If you think that’s the stupidest thing you’ve ever heard, you can take it up with Sir Ronald Fisher, who actually made this argument with apparent sincerity in a 1957 letter to the British Medical Journal. I mention this in case you didn’t already know what an ass he was.
However, if we are willing to accept that smoking causes lung cancer, and is in fact responsible for all or nearly all of the increased risk, then we can use the data we have to answer a related question: if a smoker is diagnosed with lung cancer, what is the probability that it was caused by smoking?
To answer that, let’s assume that smokers are exposed at the same rate as non-smokers to causes of cancer other than smoking. In that case, their 16x risk would consist of 15x risk due to smoking and 1x risk due to other causes. So 15/16 cancers among smokers would be due to smoking, which is about 94%.
Some actual numbers
I rounded off the numbers in my example to make the math easy, so let’s see what the actual numbers are. “Smoking and Cancer“, one of the fact sheets published along with “The Health Consequences of Smoking—50 Years of Progress: A Report of the Surgeon General” includes this figure.
In the most recent interval, the relative risk was about 25x, and at that time about 20% of the U.S. population smoked. The lifetime risk of lung cancer is about 6%, including both smokers and non-smokers, so to find the lifetime risk for non-smokers, we can solve this equation for x:
p(smoker) x + p(non-smoker) (25 x) = 6%
0.8x + 0.2(25x) = 0.06
Which means the lifetime risk is about 1% for non-smokers and 25% for smokers. If we update the table with these numbers, we have
And with that, we can address another point raised by a Twitter friend:
By “smoking increases the risk of lung cancer” you could either mean relative to being a non-smoker or relative to the overall base rate of cancer (including a weighted average of smokers and non-smokers).
I meant the first, which is more common in epidemiology, but if we want the second, it’s about 25 / 6, which is a little more than 4.

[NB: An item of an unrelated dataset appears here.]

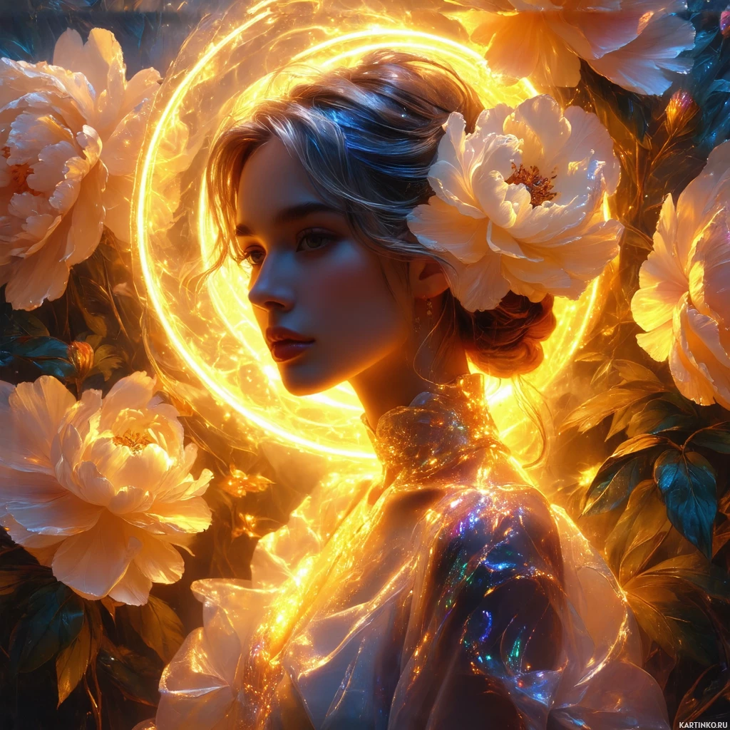 flowing hair that seems to be illuminated by a golden light from above her head. The light creates

Finally, looking at that figure you might wonder why the relative risk of smoking has increased so much. Based on my first pass through the literature, it seems like no one knows. There are at least three possibilities:
Over this period, cigarettes have been reformulated in ways that might make them more dangerous.
As the prevalence of smoking has decreased, it’s possible that the number of casual smokers has decreased more quickly, leaving a higher percentage of heavy smokers.
Or maybe the denominator of the ratio — the risk for non-smokers — has decreased.
In what I’ve read so far, the first explanation seems to get the most attention, but there doesn’t seem to be a clear causal path for it.The second and third explanations seem plausible to me, but I haven’t found the data to support them.
Causes of lung cancer in non-smokers include radon, second-hand smoke, asbestos, heavy metals, diesel exhaust, and air pollution. I would guess that exposure to all of them has decreased substantially since the 1960s. But it seems like we don’t have good evidence that the risk for non-smokers has decreased. That’s surprising, and a possible topic for a future post.
I think it's most likely that the change in risk is attributable to the risk of nonsmokers going down because of the reduction of environmental carcinogens. The banning of asbestos alone probably accounts for a huge chunk, plus lower emissions vehicles, cleaner factory and energy production, etc.